Rao Muhammad Shahroze,a,* Mohamad Ridzwan Ishak,b Mohd. Sapuan Salit,b,c Zulkiflle Leman,a Mohammad Asim,c and Muthukumar Chandrasekar b

The aim of this study was to investigate the effect of nanoclay on the mechanical properties of sugar palm fiber-reinforced polyester composites. Organo-modified nanoclay (OMMT) was dispersed in unsaturated polyester resin at various weight contents from 1% to 5% using a mechanical stirrer. Naturally woven sugar palm fibers were reinforced in the nanoclay-modified resin, which were then hot compressed to form the composites. The effect of the OMMT weight content on the tensile, flexural, and impact properties of the composites were analyzed. The addition of OMMT resulted in a noticeable improvement in all of the investigated properties, until a certain weight percentage. The tensile properties showed the best improvements at a 2% nanoclay content. However, the 4% nanoclay content resulted in the best enhancements to the flexural and impact properties.
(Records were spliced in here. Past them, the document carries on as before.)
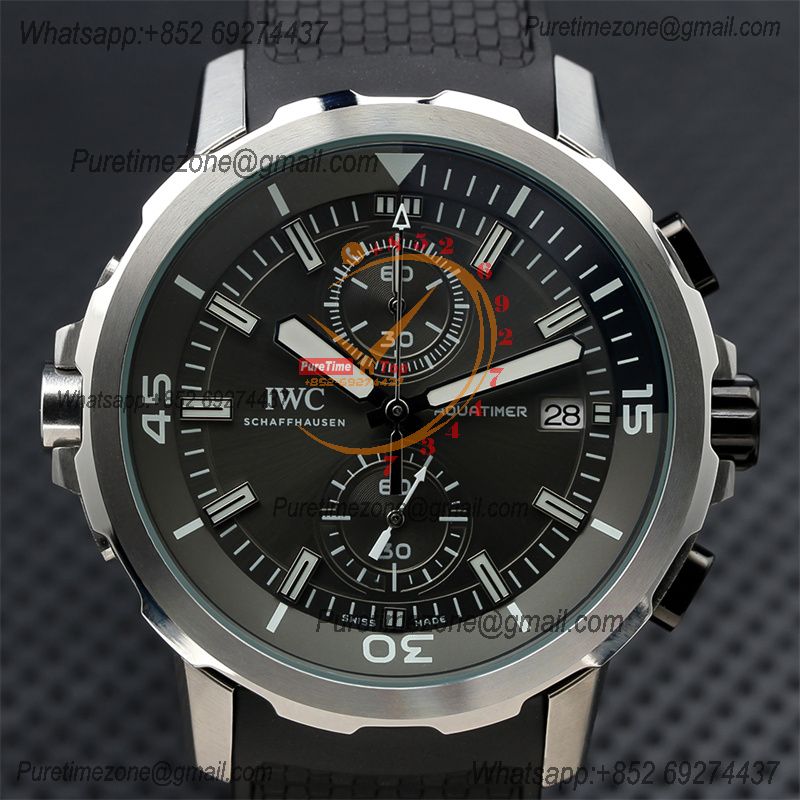 Special Prices Schaffhaseun Aquatimer Japan Quartz Chronograph Mens Watch 40 SS Gray Dial Rubber Strap CHS
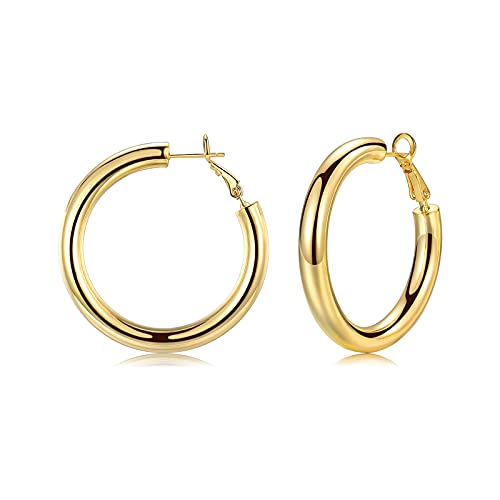 Orecchini a cerchio in argento 925, in oro rosa, diametro 20 mm/30 mm/40 mm/50 mm, spessore 5 mm, leggeri Huggie orecchini a cerchio per donna, uomo e ragazza e placcato Oro, dorato, cod. C012b-40
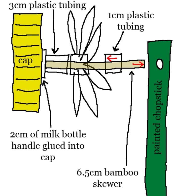 Cut a 1cm length of the plastic handle (use the ruler and the Sharpie pen). Apply a generous amount of hot glue to the centre of the inside of the yellow lid and place the 1cm length of milk bottle handle in the centre. Fill the void in the handle with glue and insert the 6.5cm piece of bamboo skewer. Slip a 3cm length of clear plastic tubing over the bamboo skewer and push down to the base of the skewer. Hold the skewer vertically until the glue has cooled sufficiently for the skewer to remain vertical of it’s own accord and place this component in the freezer to speed up the glue cooling process.
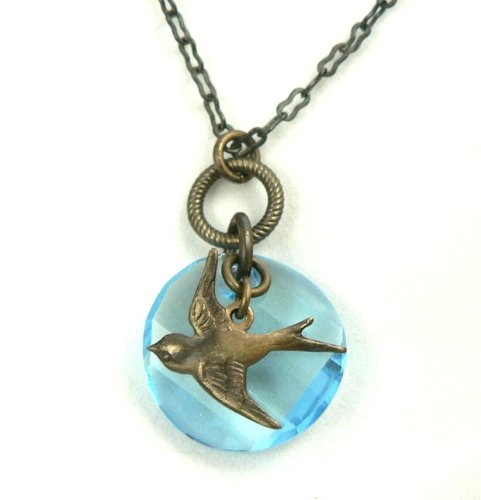 Celebrate our fine feathered friends by sporting a sweet sparrow necklace. Bird charm swings free against the sky blue crystal background. Pendant length is approximately 1.2 inches (31mm). Natural brass components, chain, hook clasp are nickel-safe. Genuine Swarovski crystal twisted disk pendant in gorgeous sky blue provides background for the swooping sparrow. Read more...

Keywords: Sugar palm fibers; Polyester; Nanoclay; Nanocomposites; Mechanical properties

Contact information: a: Department of Mechanical and Manufacturing Engineering, Universiti Putra Malaysia, 43400 Serdang, Selangor, Malaysia; b: Department of Aerospace Engineering, Universiti Putra Malaysia, 43400 Serdang, Selangor, Malaysia; c: Institute of Tropical Forestry and Forest Products (INTROP), Universiti Putra Malaysia, 43400 Serdang, Selangor, Malaysia;

* Corresponding author: raomshahroze@gmail.com

INTRODUCTION

With such rapid progress in research and technology, there is a need to satisfy the constantly increasing material requirements of these advancements. Composite materials have become an engineering necessity to cater to these needs. Composites are formed by the combination of different materials, which provides a wide range of properties to better suit specific requirements. A polymer matrix composite consists mainly of two components, a polymeric matrix/binder and reinforcements/fibers. The matrix helps to bind the fibers together and protects them from the environment. Reinforcements help to enhance the mechanical properties of the matrix because they are typically stronger, stiffer, and tougher than the binder (Razak and Kalam 2012). An increasing awareness of the environmental impacts from using typical composites, which are derived from non-renewable resources, has shifted the focus to research and production of composites that use materials acquired from renewable sources. This has resulted in an increased use of natural fibers as reinforcements in polymer matrix composites. Various biodegradable waste materials, such as wood chips, plant fibers, newspaper, etc., are now utilized as reinforcements. This also helps reduce the need for synthetic raw materials and mitigate waste management problems (Saba et al. 2016c). Natural fibers offer a wide range of advantages, including a low density, less wearing from tools, better thermal properties, acoustic insulation, lower cost, and biodegradability (Haameem et al. 2016).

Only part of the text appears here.